Your objective:
Each line in the data must be reproduced as written, except for any picture.

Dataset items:
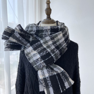 日系仿羊绒格纹围巾女韩版秋冬学生百搭长款围脖保暖披肩两用休闲
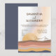 This summer sunset coastal beach wedding invitation is perfect for a simple seaside destination wedding. The design feautures an aesthetic boho tropical beach with customisable text elements. Create your own sunset theme wedding invitation by simply personalise this template online.
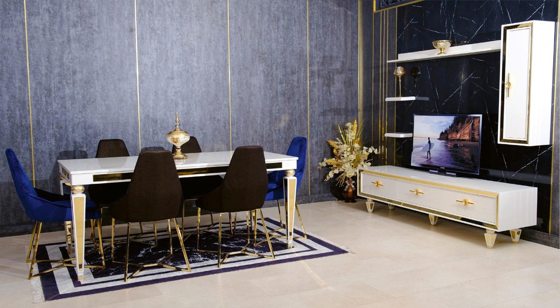 Serie | 9tlg. Esszimmer Set (Esstisch+6X Stühle+TV-Ständer + Wandregal) |
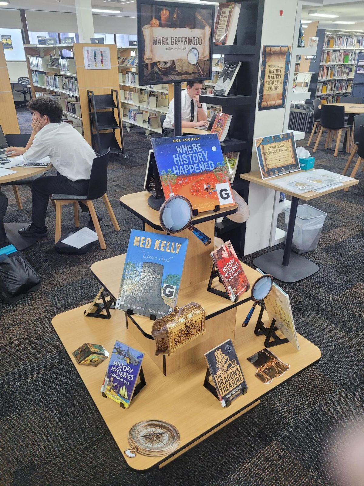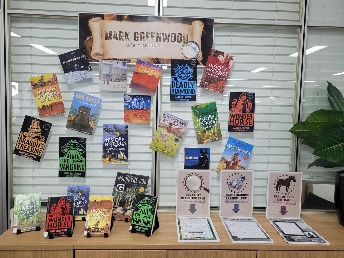 Last week, our library was buzzing with excitement as acclaimed Australian author Mark Greenwood visited our school. To celebrate his visit, Ms Napier and Ms Loveday created vibrant displays that showcased Mark’s adventures, mysteries and historical tales. Mark Greenwood’s books, rich with history, mystery and adventure, are especially well suited to upper primary students. His writing captivates readers and encourages curiosity about real events and remarkable people.Students were especially delighted that Mark generously signed every book, creating treasured keepsakes for our young readers. A special creative writing activity is available in Week 9 and Week 10 to give the boys the chance to step into the shoes of an author. Each participant will receive a writing pack filled with stimulus images, sentence starters and prompts designed to spark new ideas. From there, they are encouraged to craft an original creative story, developing their imagination and confidence as writers. Around the library, a range of additional activities invited students to explore Mark’s stories in different ways. Matching tasks, a drawing challenge and a detective style clue hunt helped bring his books to life and kept the boys engaged during lunchtimes. The visit was a wonderful celebration of reading and creativity. We extend our thanks to Ms Napier and Ms Loveday for creating such an inspiring experience for our students.
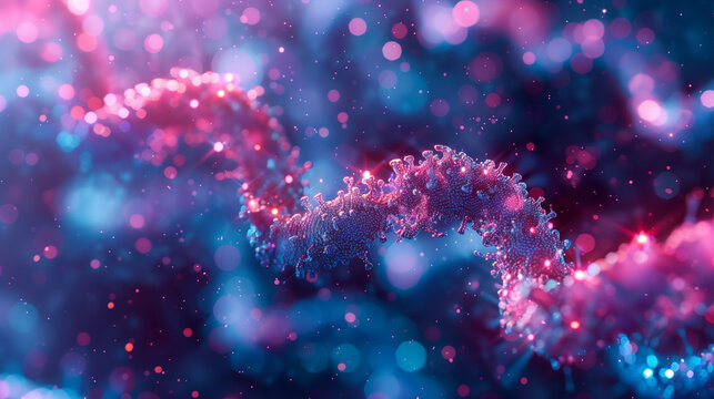 A close up of a DNA strand with a blue and red hue. The strand is surrounded by a blurry background
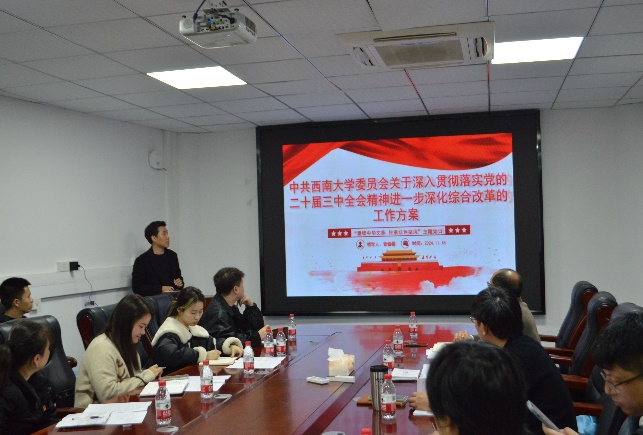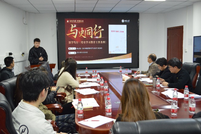 在党规学习中,植科优秀毕业生代表、我校马克思主义学院党的建设专业硕士研究生林正雄带领全体党员学习了《党史学习教育工作条例》,林正雄从何为党史学习教育工作条例,为何学习此条例,如何学习此条例三方面进行了重点阐述。教师党员曾健晏学习传达《中共PA视讯官网委员会关于深入贯彻落实党的二十届三中全会精神进一步深化综合改革的工作方案》精神,将学习内容与学校政策有机结合,重点学习深化教师评价及其机制改革、收入分配和绩效考核机制改革、教育数字化转型发展机制改革,学科专业发展机制改革、机构设置和职能优化的改革五方面内容。
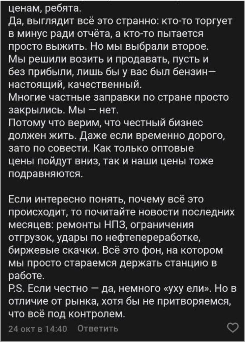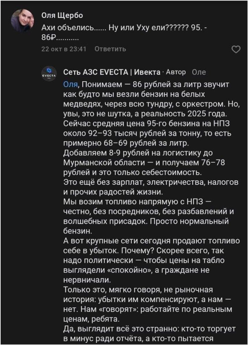 В Мурманской области обнаружили самую честную АЗС: владелец объяснил, почему бензин АИ-95 стоит 86 рублей. Не жадность, а суровая реальность. Народ в комментах возмутился высокой цене на заправке, но у администрации сети заправок тоже наболело, вот и появился такой весьма эмоциональный монолог. "Понимаем, 86 рублей звучит, как будто мы везли бензин на белых медведях через тундру с оркестром".
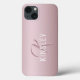 Girly Ro Guld Rosa Monogram Namn Cellfodral på rosa Shimmer-bakgrund. Det här moderna snyggtens mobiltelefon hjälper dig att uttrycka ditt unika stil. Anpassa med ditt eget namn och monogram.
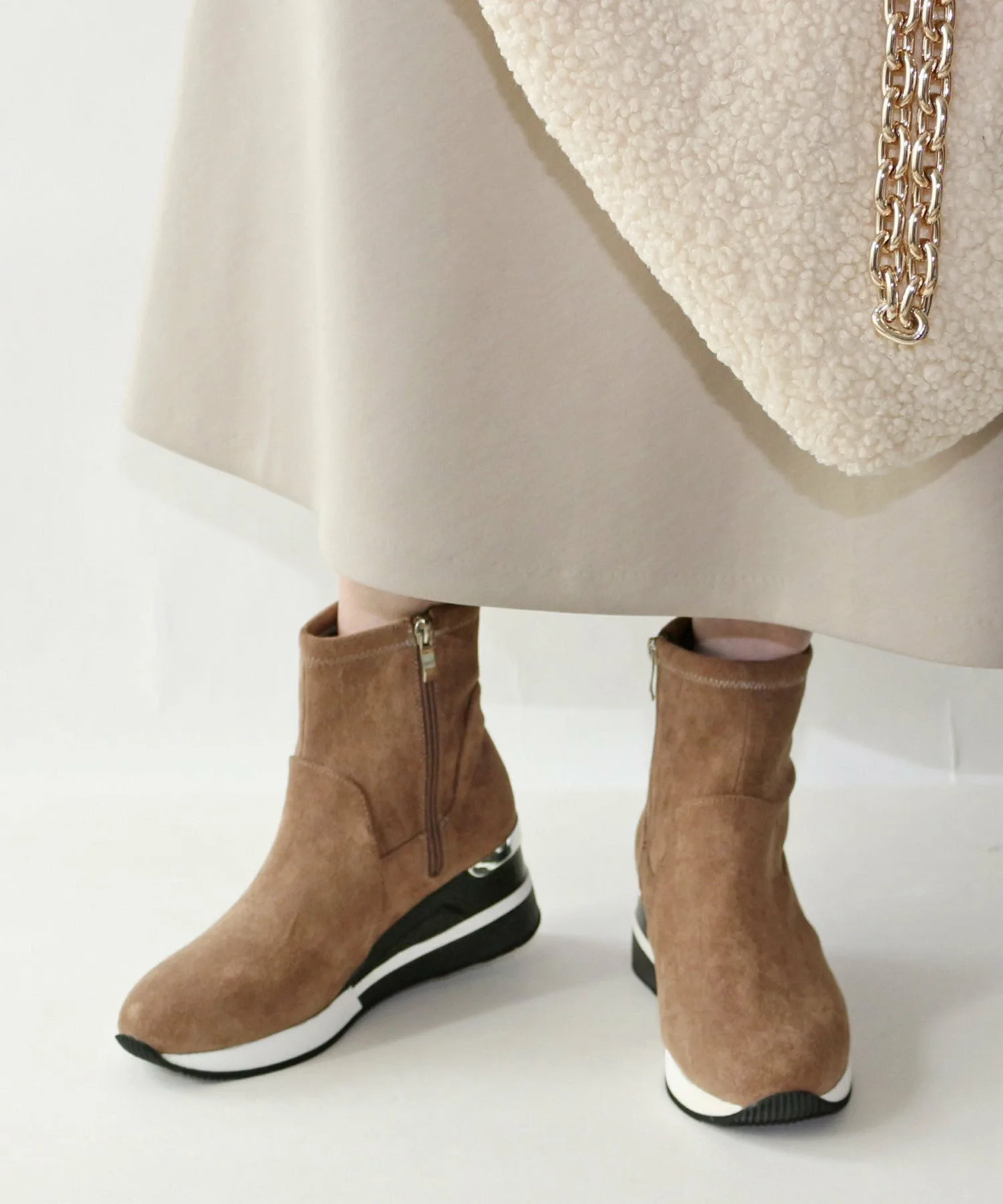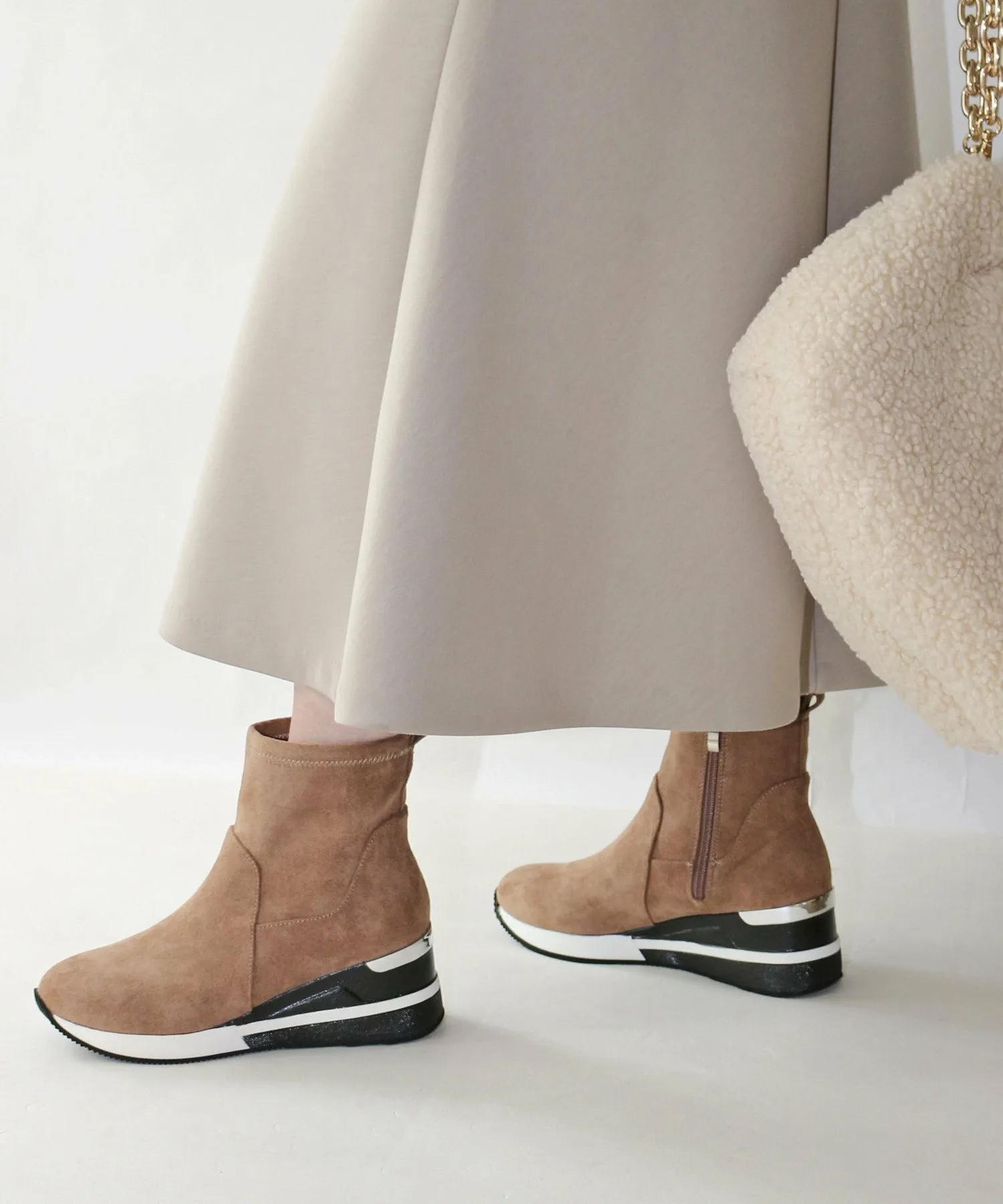 Кроссовки-ботинки Fin с эластичной подошвой и гладкой замшевой текстурой идеально подходят для этого сезона. Изящный силуэт и объемная толстая подошва создают женственный, повседневный образ. Подошва толщиной 7,3 см удобна и подчеркнет ваш стиль.

Solution for this task:
 日系仿羊绒格纹围巾女韩版秋冬学生百搭长款围脖保暖披肩两用休闲
 This summer sunset coastal beach wedding invitation is perfect for a simple seaside destination wedding. The design feautures an aesthetic boho tropical beach with customisable text elements. Create your own sunset theme wedding invitation by simply personalise this template online.
 Serie | 9tlg. Esszimmer Set (Esstisch+6X Stühle+TV-Ständer + Wandregal) |
 Last week, our library was buzzing with excitement as acclaimed Australian author Mark Greenwood visited our school. To celebrate his visit, Ms Napier and Ms Loveday created vibrant displays that showcased Mark’s adventures, mysteries and historical tales. Mark Greenwood’s books, rich with history, mystery and adventure, are especially well suited to upper primary students. His writing captivates readers and encourages curiosity about real events and remarkable people.Students were especially delighted that Mark generously signed every book, creating treasured keepsakes for our young readers. A special creative writing activity is available in Week 9 and Week 10 to give the boys the chance to step into the shoes of an author. Each participant will receive a writing pack filled with stimulus images, sentence starters and prompts designed to spark new ideas. From there, they are encouraged to craft an original creative story, developing their imagination and confidence as writers. Around the library, a range of additional activities invited students to explore Mark’s stories in different ways. Matching tasks, a drawing challenge and a detective style clue hunt helped bring his books to life and kept the boys engaged during lunchtimes. The visit was a wonderful celebration of reading and creativity. We extend our thanks to Ms Napier and Ms Loveday for creating such an inspiring experience for our students.
 A close up of a DNA strand with a blue and red hue. The strand is surrounded by a blurry background
 在党规学习中,植科优秀毕业生代表、我校马克思主义学院党的建设专业硕士研究生林正雄带领全体党员学习了《党史学习教育工作条例》,林正雄从何为党史学习教育工作条例,为何学习此条例,如何学习此条例三方面进行了重点阐述。教师党员曾健晏学习传达《中共PA视讯官网委员会关于深入贯彻落实党的二十届三中全会精神进一步深化综合改革的工作方案》精神,将学习内容与学校政策有机结合,重点学习深化教师评价及其机制改革、收入分配和绩效考核机制改革、教育数字化转型发展机制改革,学科专业发展机制改革、机构设置和职能优化的改革五方面内容。
 В Мурманской области обнаружили самую честную АЗС: владелец объяснил, почему бензин АИ-95 стоит 86 рублей. Не жадность, а суровая реальность. Народ в комментах возмутился высокой цене на заправке, но у администрации сети заправок тоже наболело, вот и появился такой весьма эмоциональный монолог. "Понимаем, 86 рублей звучит, как будто мы везли бензин на белых медведях через тундру с оркестром".
 Girly Ro Guld Rosa Monogram Namn Cellfodral på rosa Shimmer-bakgrund. Det här moderna snyggtens mobiltelefon hjälper dig att uttrycka ditt unika stil. Anpassa med ditt eget namn och monogram.
 Кроссовки-ботинки Fin с эластичной подошвой и гладкой замшевой текстурой идеально подходят для этого сезона. Изящный силуэт и объемная толстая подошва создают женственный, повседневный образ. Подошва толщиной 7,3 см удобна и подчеркнет ваш стиль.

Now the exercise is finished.